• WHAT IS REQUIRED
The material below has pictures in it. Set down only the lines from the line containing "По умолчанию отображается" through the line containing "Our Cow Toddler", word for word, and leave the pictures behind.

• RECORD SET
#####
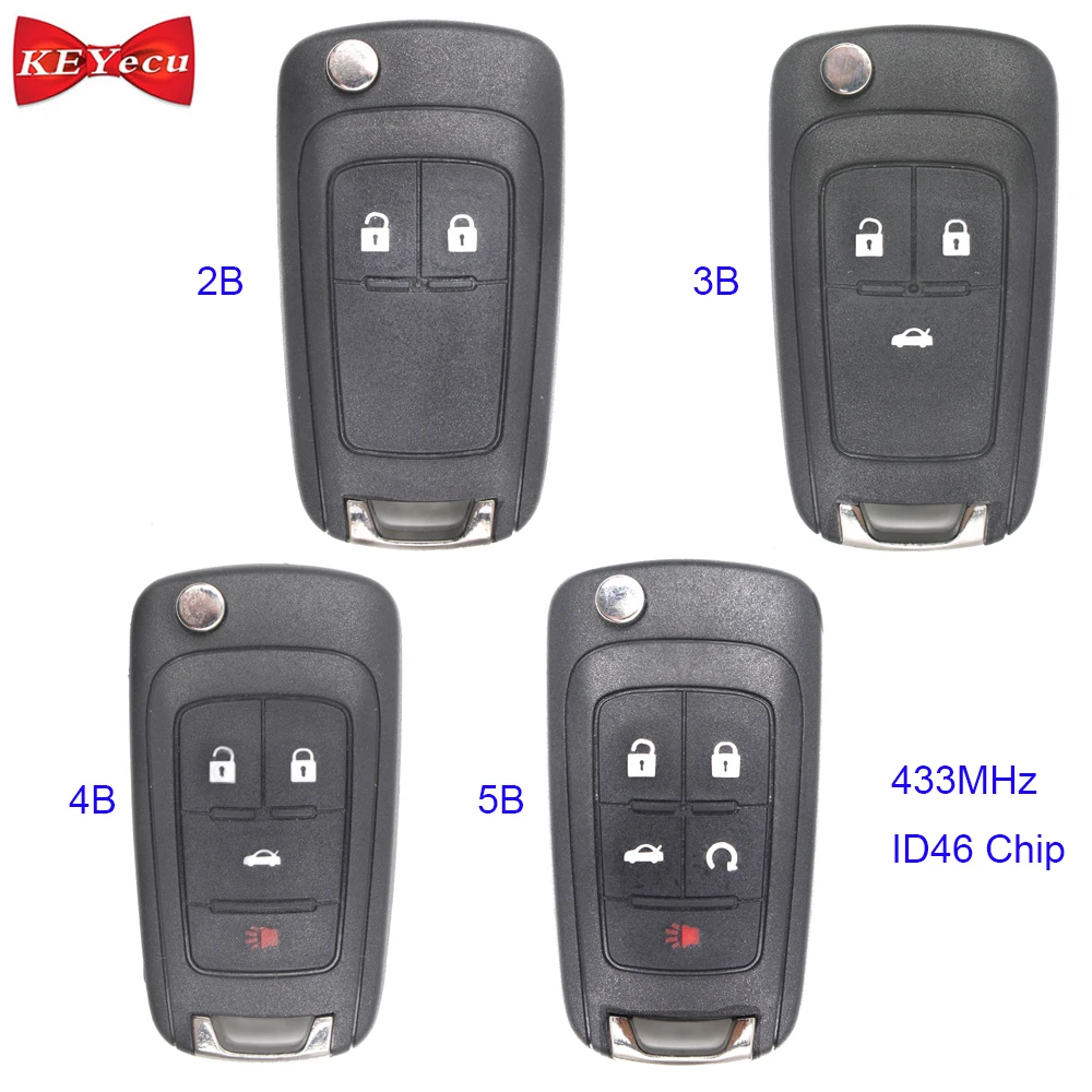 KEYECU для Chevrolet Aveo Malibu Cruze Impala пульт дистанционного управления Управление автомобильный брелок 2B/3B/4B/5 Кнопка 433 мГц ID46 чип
#####
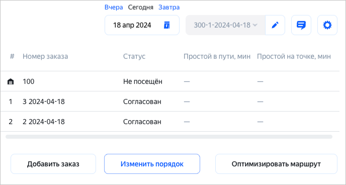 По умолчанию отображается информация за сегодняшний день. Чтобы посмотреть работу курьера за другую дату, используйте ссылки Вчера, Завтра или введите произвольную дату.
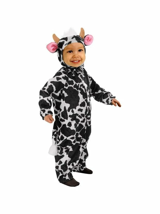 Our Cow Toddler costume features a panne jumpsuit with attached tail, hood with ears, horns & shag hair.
#####
• RESULT OF THIS EXERCISE
 По умолчанию отображается информация за сегодняшний день. Чтобы посмотреть работу курьера за другую дату, используйте ссылки Вчера, Завтра или введите произвольную дату.
 Our Cow Toddler costume features a panne jumpsuit with attached tail, hood with ears, horns & shag hair.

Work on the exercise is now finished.